In addition to the limited number of iSNVs that emerged to high frequency within single individuals, we observed several iSNVs that arose above background for multiple days of infection. Mapping the genomic locations of these mutations revealed a high density of N gene substitutions (although this effect was not statistically significant, and was largely driven by one individual). The detected substitutions include N:R203K and N:G204R, which have been shown to increase the relative fitness of the virus, potentially through increased phosphorylation of the nucleocapsid (31). These substitutions have also been associated with the transcription of an alternate sub-genomic mRNA with anti-interferon activity (32). While spike protein substitutions are clearly the primary drivers of SARS-CoV-2 adaptation to humans, our results are also consistent with previous data suggesting an important role for the N gene during human adaptation.

Variant dynamics in multiple participants exhibited extreme fluctuations where iSNVs at or near fixation abruptly fell below the limit of detection, only to return to high frequencies days later. Given the abruptness of these fluctuations, it is doubtful that they were selection driven. However, they could potentially be explained if there is a significant degree of spatial structuring of within-host viral genetic diversity, as has recently been described for influenza virus (33). Spatial structuring could promote more extreme, drift-driven fluctuations in sampled iSNV frequencies due to bottleneck effects (3335) and could lead to incomplete sampling of total within-host genetic diversity. Our tracking of variant dynamics also reaffirms previously described variability in iSNV frequency. Previous work on SARS-CoV-2 and influenza virus has revealed extreme shifts in variant frequencies between pairs of samples collected at different time points (or even twice within the same day) (9, 36). Our results build upon these findings with a high-resolution portrait of daily variant dynamics and suggest that large, seemingly stochastic jumps in iSNV frequencies may be a feature of many acute viral infections.

We cannot formally rule out the possibility that these fluctuations are artifactual, potentially arising from poor-quality sampling of the viral population. We think that this explanation is unlikely, however, due to the Ct value and mean coverage thresholds we used for including samples in our analyses. Regardless, either explanation further emphasizes the advantages of longitudinal sampling, as single-timepoint snapshots of viral populations can present misleading views of the within-host landscape.

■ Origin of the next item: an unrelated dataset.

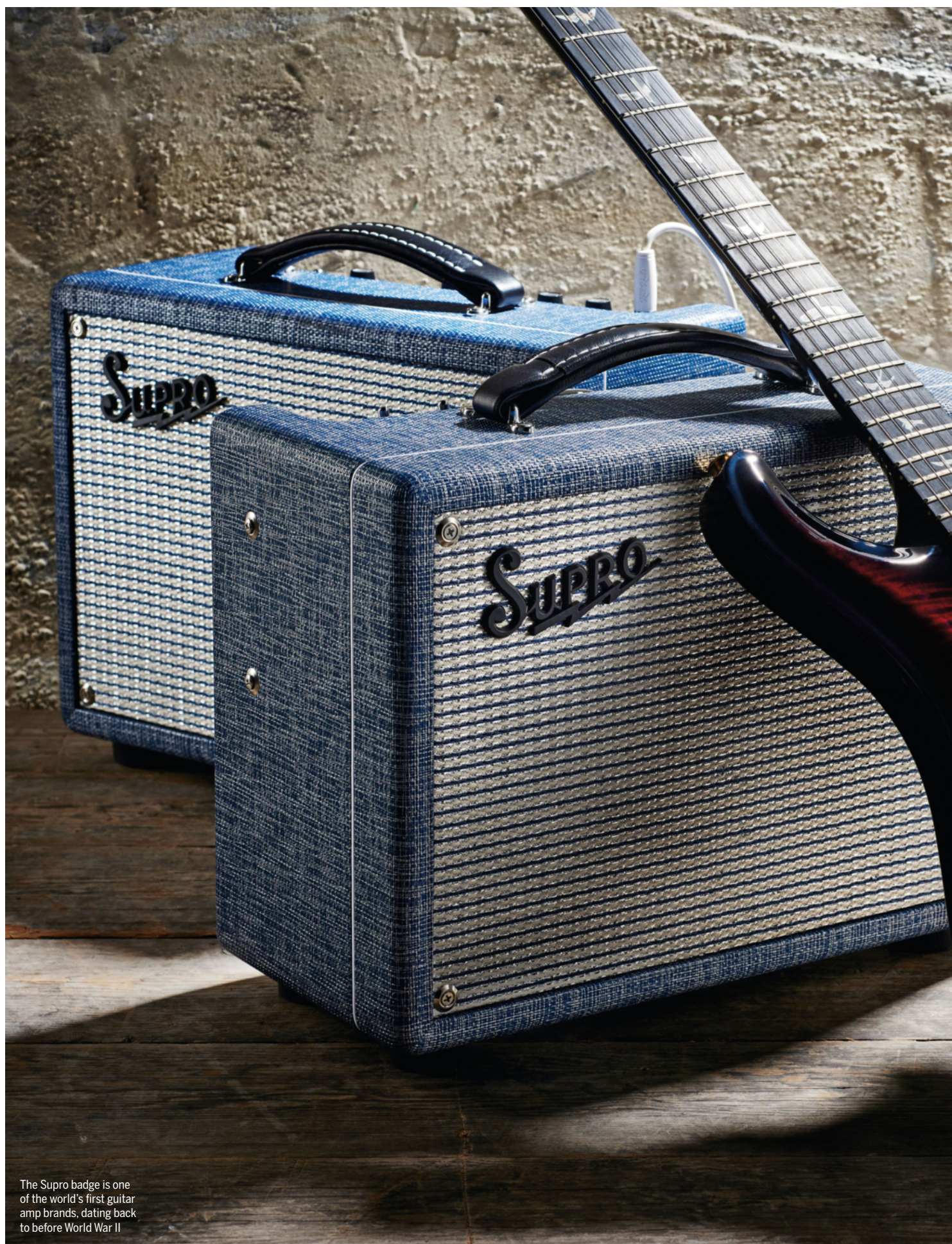
The Supro badge is one of the world's first guitar amp brands, dating back to before World War II

Supporting the possibility that stochastic within-host SNV dynamics may partially result from spatial structuring, we observed significant compartmentalization between the oral and nasal environments over the course of SARS-CoV-2 infection in a subset of individuals. iSNVs varied in frequency between the two environments, a finding that builds on previous observations that peaks in viral shedding are often offset by several days between saliva and nasal environments (16) and that shedding is sometimes limited to the saliva compartment in immune individuals (17). These findings also align with previous studies that have described compartmentalization of influenza populations (due to within-host bottlenecks) (33) and intra-host adaptation to different tissue sites by polioviruses (37). Our results indicate that the mutational profile of SARS-CoV-2 can differ between tissue environments and reaffirm that sampling of a single tissue site may not provide a complete view of viral population diversity within a host.

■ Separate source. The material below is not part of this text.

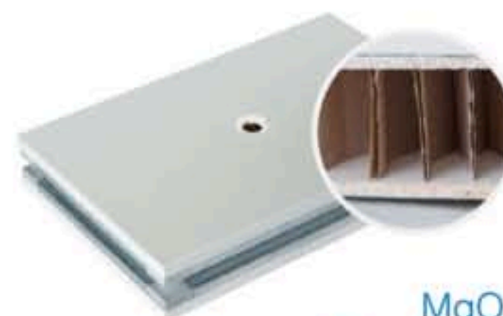
MgO Board & Paper Honeycomb
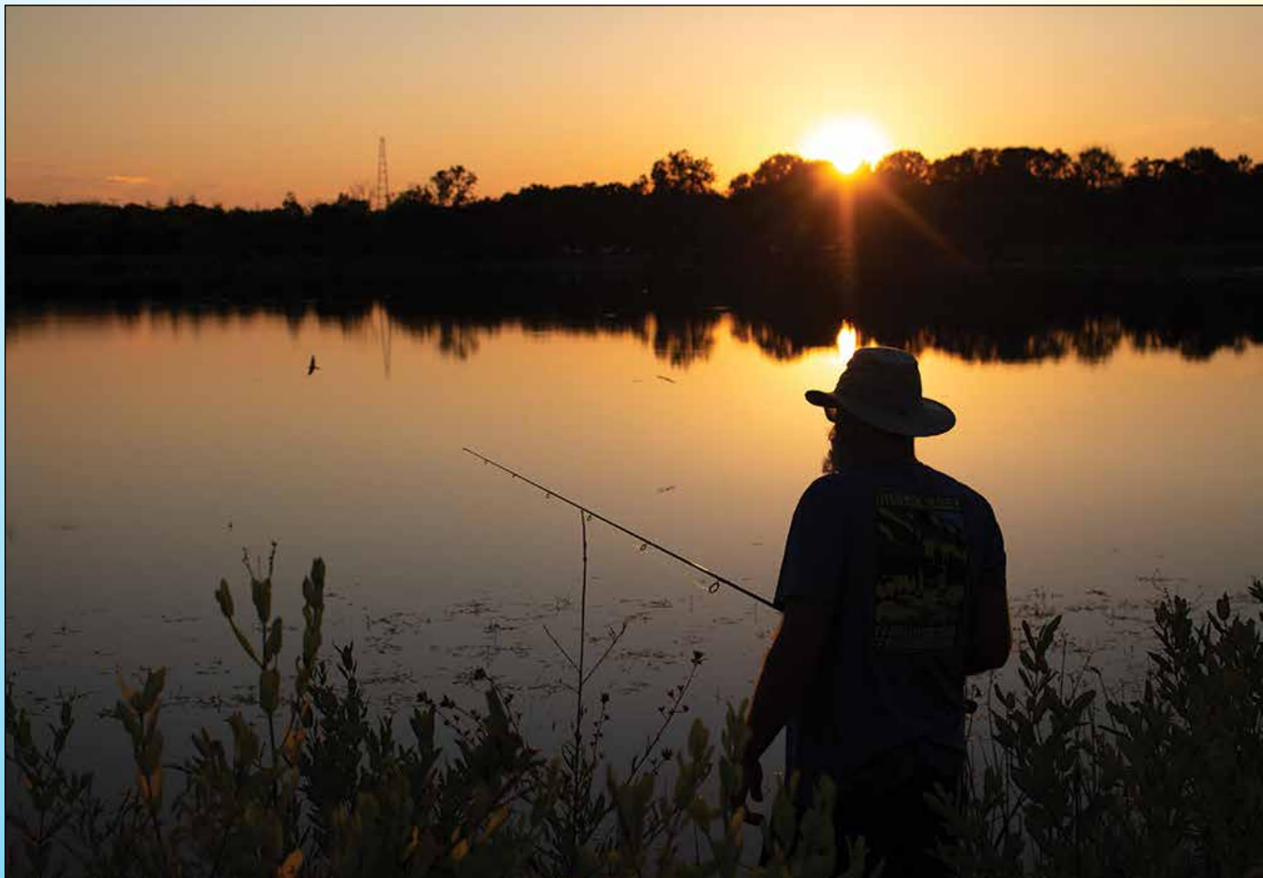
As the sun sets, this fisherman casts his line from shore. It's often said that fish bite more at daybreak and sunset.

For more information, visit www.lcfpd.org or call 847-367-6640. The preserves can also be found on Facebook and Twitter.

A clear advantage of repeated longitudinal sampling is that it allows for higher confidence variant calling compared with single-timepoint sampling. Across individual samples, we measured iSNV counts ranging from zero to several hundred and found that these values could shift rapidly within an individual over short periods of time. However, the number of variants shared across multiple days was remained relatively low in both unvaccinated and vaccinated individuals, with both groups exhibiting shared iSNV counts that align with previous assessments of within-host diversity (7, 8, 10, 19).

Altogether, our results suggest that viral evolution is largely driven by genetic drift during acute infections but that, on rare occasions, selection can drive the emergence of iSNVs capable of forward transmission. Furthermore, our detection of iSNVs that have been successful (or not) at the global scale indicates areas of alignment and discordance between within-host and between-host selective pressures and thus help shed light on the forces that shape global patterns of SARS-CoV-2 evolution.

MATERIALS AND METHODS

Sample collection

To monitor on-campus COVID cases, students and employees at the University of Illinois at Urbana-Champaign were required to submit biweekly saliva samples for reverse transcription quantitative PCR (RTqPCR) testing. Individuals who tested positive were given the option to enroll in a longitudinal sample collection study within 1 day of receiving a positive result. Additionally, individuals who had been in close contact with a positive case were eligible to enroll in the same study within 5 days of their exposure. Enrolled participants then provided saliva samples and mid-turbinate nasal swabs for 14 days after the date of their first positive test [this collection protocol is described in detail in reference (16)]. Within 12 hours of collection, RTqPCR was performed on heat-inactivated saliva samples to assess viral load, as described in Ranoa et al. (38). Nasal swab samples were stored in viral transport media at −80°C and shipped to Johns Hopkins University for RNA extraction.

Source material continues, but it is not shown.